She’d wanted to call him, tell him of her find. But they’d already agreed to meet at a nearby bar on Bourbon Street tomorrow night to trade any information either of them had come across, even though she had a pretty good idea she’d be the only one trading anything. She supposed it could wait until then.

Besides, she knew the instant she told him about the key he’d take it, and she’d likely never see it again, much less find out what was in the box it opened.

Of course, she actually had to find the box first if she hoped to learn anything, an impossible task given her outsider status in the investigation. Bus station aside, she wouldn’t know where to begin looking. After all, there was the little matter of the number that had been removed from the key.

How many lockers were at the bus station? Was there only one station or were there several? Did the airport have lockers? Could it be there?

“For all I know, the box could be in Toledo,” she said aloud.

She stretched out her arm and put the key on the nightstand, then rubbed the arch of her left foot. Lunch aside, she’d been pretty much upright all day, pounding the pavement in shoes that were made for walking but not to the extent she had walked in them. She had blisters on her heels, and her toes looked swollen to twice their normal size. So on the way back to the hotel she’d stopped inside a shop and bought comfortable flats, a couple of pairs of casual slacks and lighter-weight blouses, a wardrobe more conducive to the type of work she’d be doing in the days to come.

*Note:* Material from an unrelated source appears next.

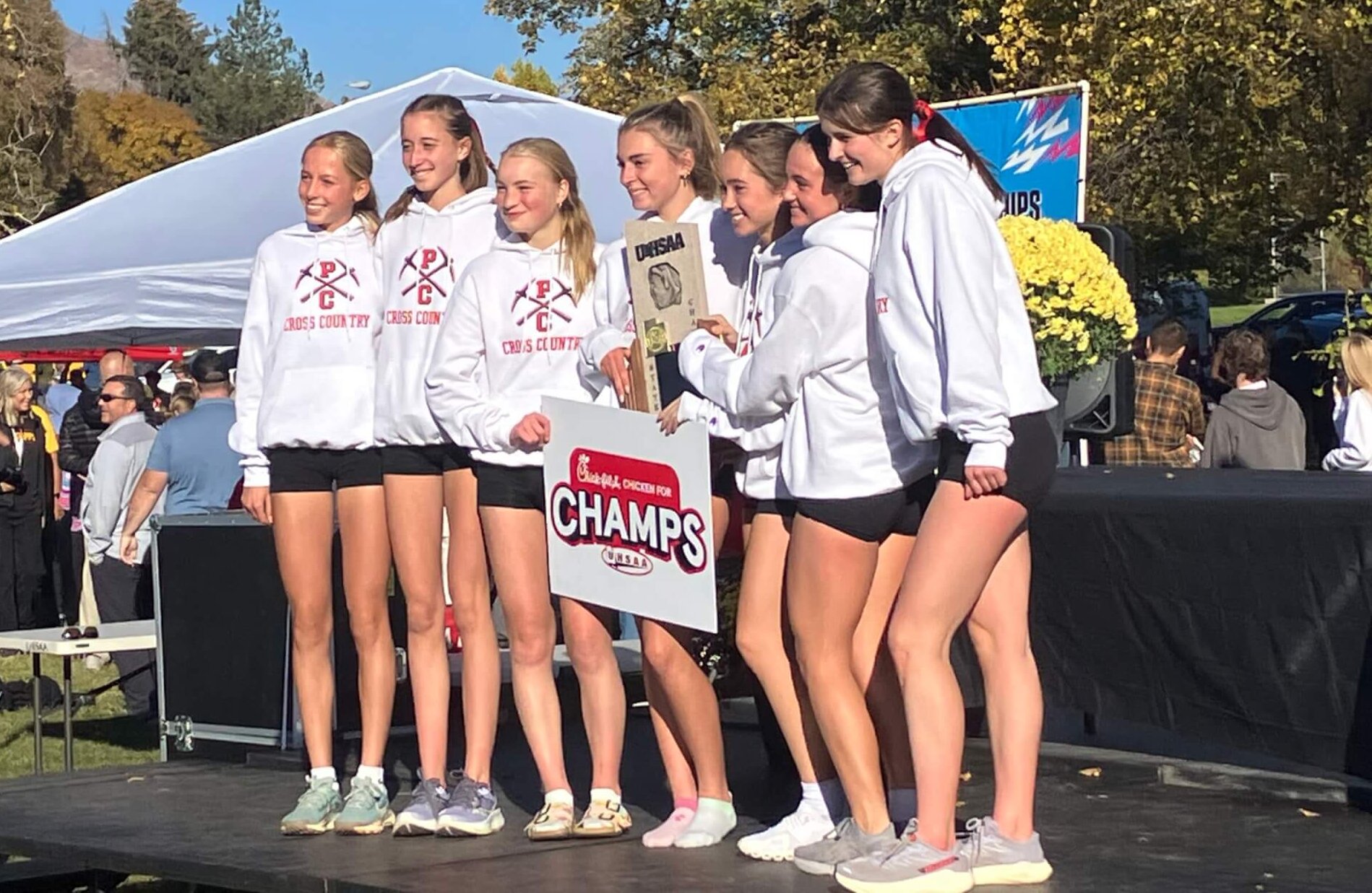 Three-time Winter Olympic cross-country ski racer Liz Stephen coaches for the Park City Nordic Ski Team, which includes now-state champion runners Rhys Weidenhamer and Phoebe Zaniello, as well as Cuttitta’s own daughter, Savannah, a nordic combined athlete who is not yet in high school. Stephen drove the team van from Park City packed with student-athletes to cheer on the runners, while the high school drove a bus with 30 more student spectators.
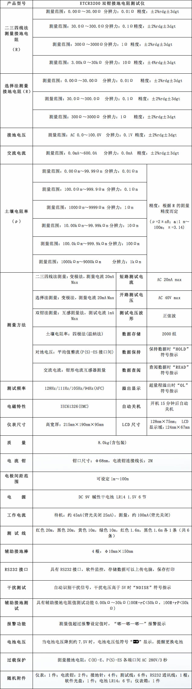 精密4线法、3线法、简易2线法、选择法、双钳法接地电阻测量,土壤电阻率、接地电压、交流电压测量,接地线漏电流、交流电流、直流电阻测量。

She’d also bought a flirty dress that she had no business buying. A deep-red number that looked more like a slip than a dress, really, and felt like a cloud against her bare skin—and left a lot of that skin bare to the naked eye.

It had to be the city. She’d never been one to dress so provocatively—not even when she was younger—much less give herself over to such an impulsive buy. She’d always been practical to the max.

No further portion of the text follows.